Le Vol de la Marseillaise


La Marseillaise, après être un hymne, est un symbole. À l’avènement du premier conflit mondial, Edmond Rostand est accablé par le fait que sa santé fragile ne lui ouvre pas le chemin des batailles qui lui permettraient de défendre sa patrie. Il va soutenir les poilus et va poétiser leurs conditions en soutenant patriotiquement le peuple français et son odyssée. Le Vol de la Marseillaise est à la fois le titre d’un poème mais aussi celui du recueil dans lequel figure ce même poème. On y trouve un Edmond certes lyrique, mais beaucoup plus solennel, quoique toujours aussi déterminé. Étrange, quand on sait qu’à cette époque précise, le temps des amours avec Rosemonde est révolu.

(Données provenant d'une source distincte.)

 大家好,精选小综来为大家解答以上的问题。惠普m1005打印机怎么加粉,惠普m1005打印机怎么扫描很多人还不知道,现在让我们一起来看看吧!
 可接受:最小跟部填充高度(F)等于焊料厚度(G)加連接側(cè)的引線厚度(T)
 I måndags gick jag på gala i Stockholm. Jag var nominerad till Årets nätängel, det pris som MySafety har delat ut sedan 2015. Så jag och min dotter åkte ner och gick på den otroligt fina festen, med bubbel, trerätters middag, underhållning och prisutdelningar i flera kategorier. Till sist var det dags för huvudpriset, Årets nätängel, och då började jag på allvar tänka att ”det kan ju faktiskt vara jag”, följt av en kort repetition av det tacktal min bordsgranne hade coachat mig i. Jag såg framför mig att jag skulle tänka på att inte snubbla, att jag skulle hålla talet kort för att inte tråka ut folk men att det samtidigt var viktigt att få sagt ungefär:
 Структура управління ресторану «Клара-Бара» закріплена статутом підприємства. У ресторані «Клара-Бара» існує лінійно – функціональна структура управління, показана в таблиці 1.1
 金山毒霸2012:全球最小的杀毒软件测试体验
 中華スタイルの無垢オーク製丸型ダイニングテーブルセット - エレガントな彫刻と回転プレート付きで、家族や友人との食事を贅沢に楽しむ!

Rostand sur les ruines après les combats, coll Villa Arnaga


Mais il prévient : il défendra ses idées, écrivant des vers magnifiques tels que « Le sombre ça ira qui piétine, c’est vrai, / N’est qu’un bruit de sabots qui demandent des ailes ». Ce qui retient particulièrement notre attention dans ce recueil, en plus de l’exhortation patriotique évidente, c’est que cet hymne qu’est La Marseillaise métaphorise le pays.

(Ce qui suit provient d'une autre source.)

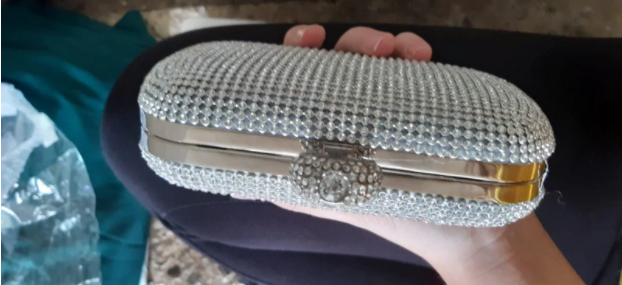 Lovely clutch, as described! Daughter used for her prom day and it was perfect! Very lightweight and pretty! Very happy with purchase!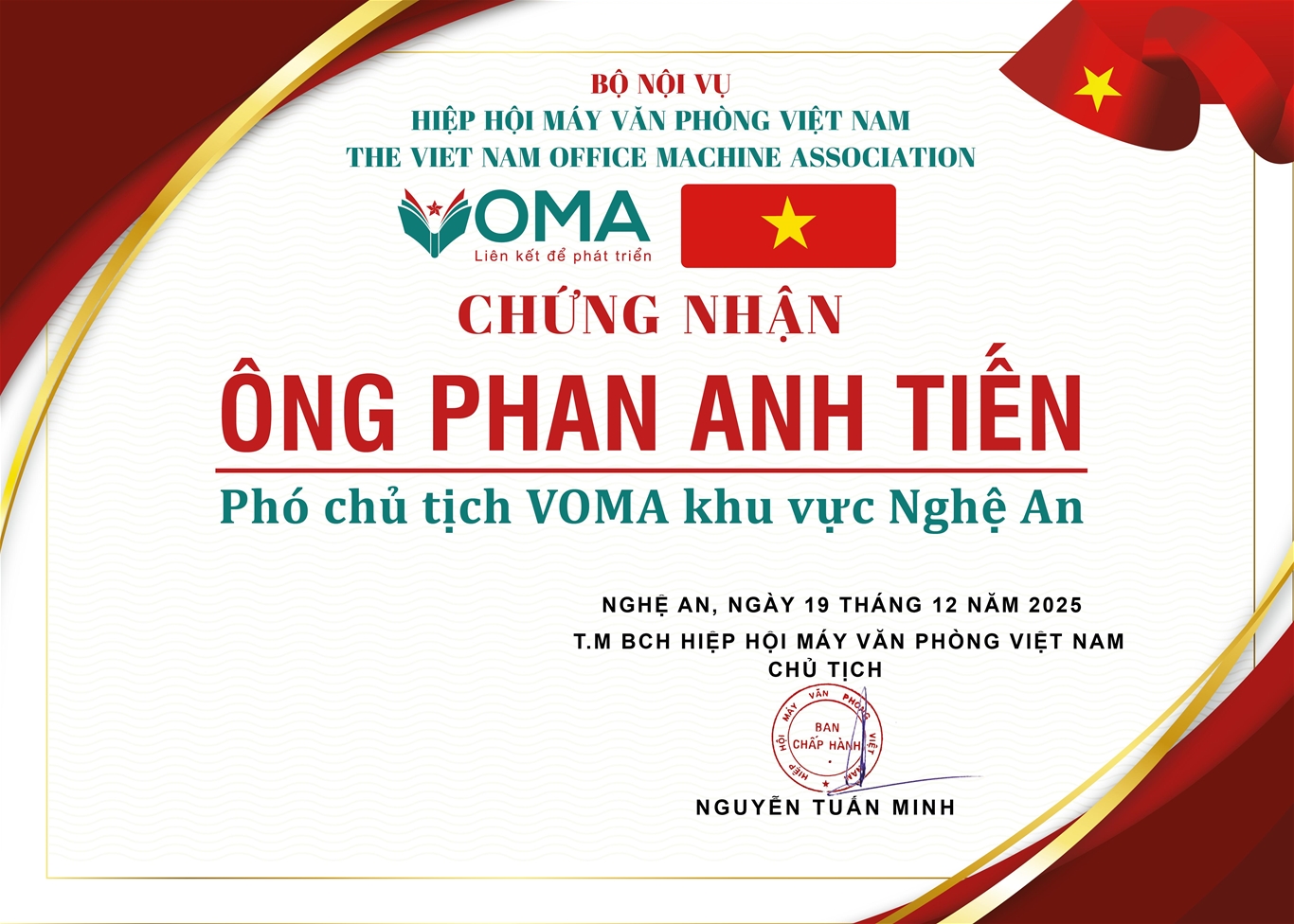 ✨ VOMA tin tưởng rằng với tâm huyết và kinh nghiệm, ông Phan Anh Tiến sẽ cùng cộng đồng doanh nghiệp Nghệ An kiến tạo những bước tiến mới, đóng góp tích cực cho sự phát triển chung của ngành máy văn phòng Việt Nam.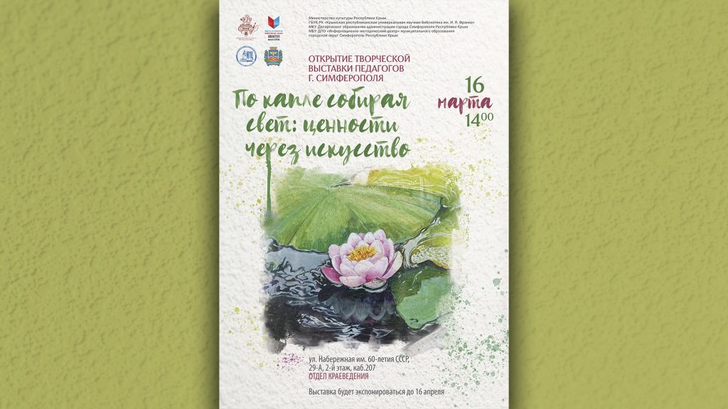 16 марта 2026 года в 14.00 в отделе краеведения состоится открытие творческой выставки «По капле собирая свет: ценности через искусство», организаторами которой являются МКУ Департамент образования Администрации г. Симферополя и МБУ ДПО «Информационно-методический центр» г. Симферополя.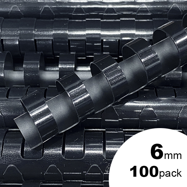 GBC PLASTIC BINDING COMB ROUND 21 LOOP 6MM A4 BLACK PACK 100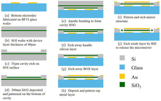 In this study, we aimed to investigate the effect of a SiO2 heat-dissipation layer on the etching of electrostatic torsional micromirrors. We fabricated two types of micromirrors using anode bonding, one with the heat-dissipation layer and the other without. For the micromirrors with the heat-dissipation layer, the fabrication sequence is shown in Figure 5. The specific micromirror fabrication process is as follows: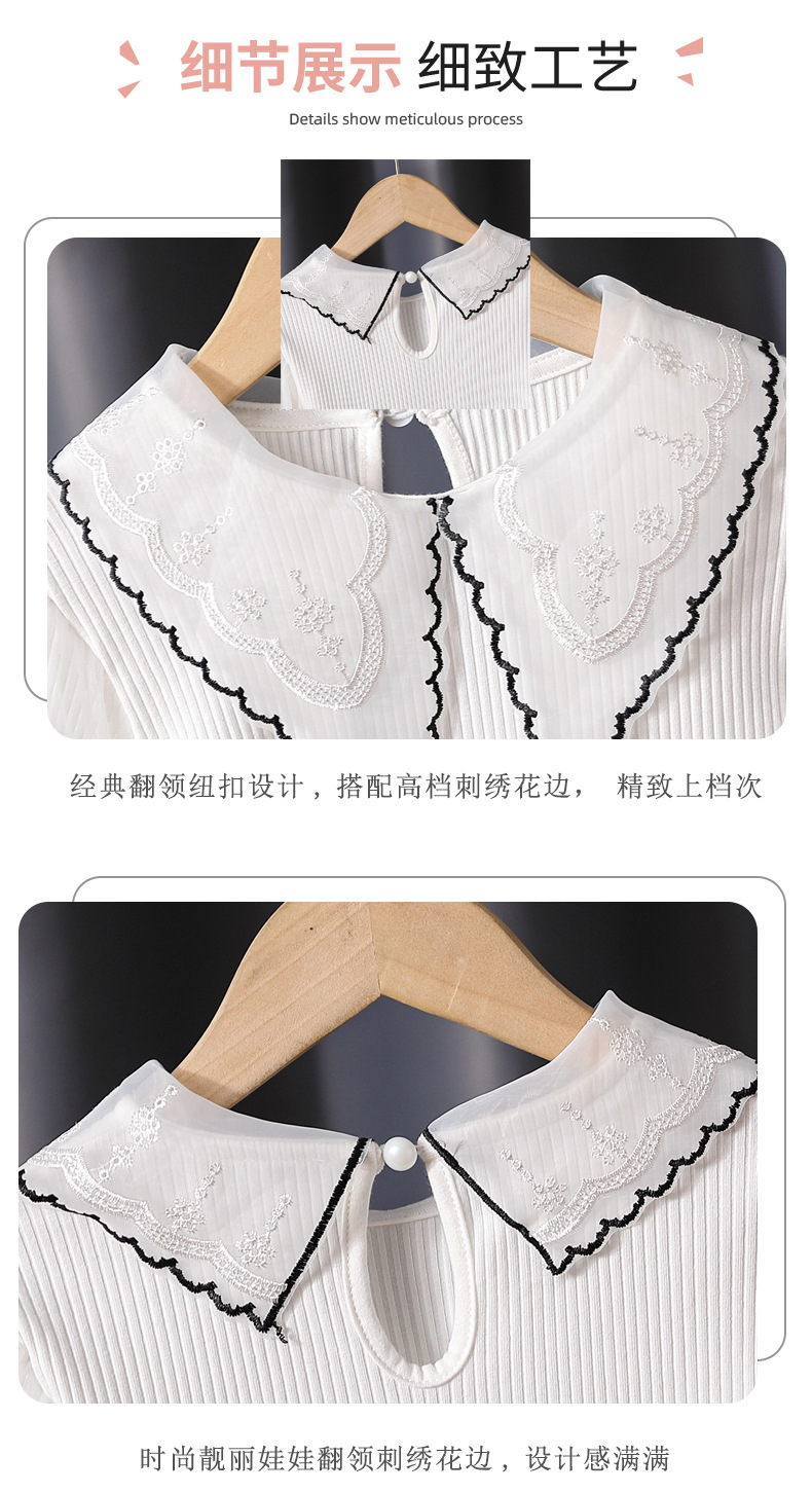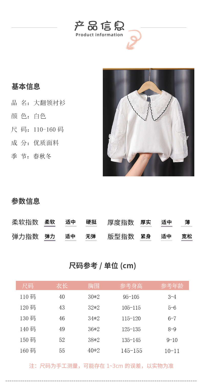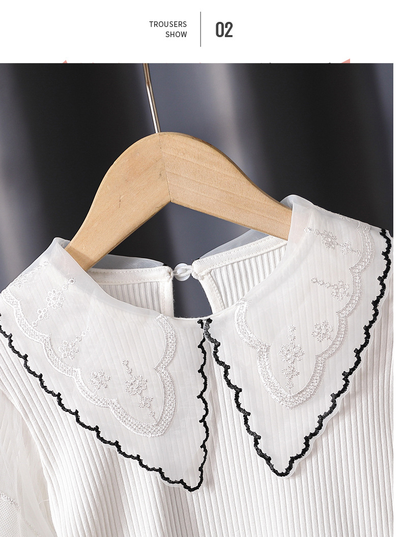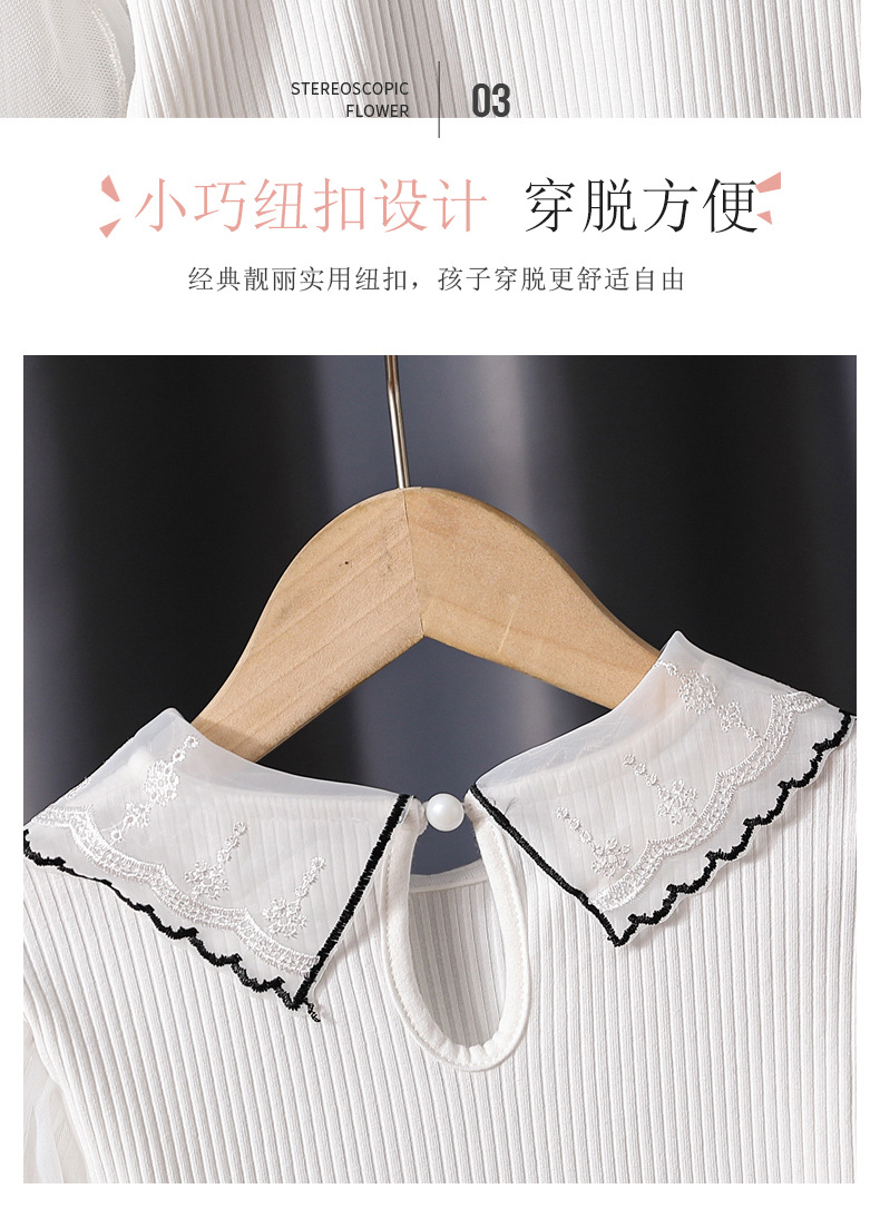 하이 엔드 소녀 봄과 가을 버블 긴 소매 레이스 레이스 티셔츠 어린이 소녀 패션 레이스 옷깃 서양식 탑 4

La Marseillaise, c’est l’orgueil de la France, c’est sa passion. Et pour que sa passion tonitrue, il faut que le peuple puisse s’y référer. Raison pour laquelle le poète insère systématiquement des références folkloriques des pays qu’il évoque. Citons un exemple en particulier. Quand l’Allemagne n’est pas ramenée à Goethe ou à Van Beethoven – compositeur romantique faut-il le rappeler ? – qui chancelle en entendant le tocsin d’une ville en feu1, c’est Victor Hugo qui vient rappeler que « le chant des astres manquent »2 dans une France qui ploie sous la tristesse et la colère contre l’ennemi.

1Voir le poème « Van Beethoven », p.511

2Fait référence au poème épique non-achevé « La fin de Satan », écrit par Victor Hugo.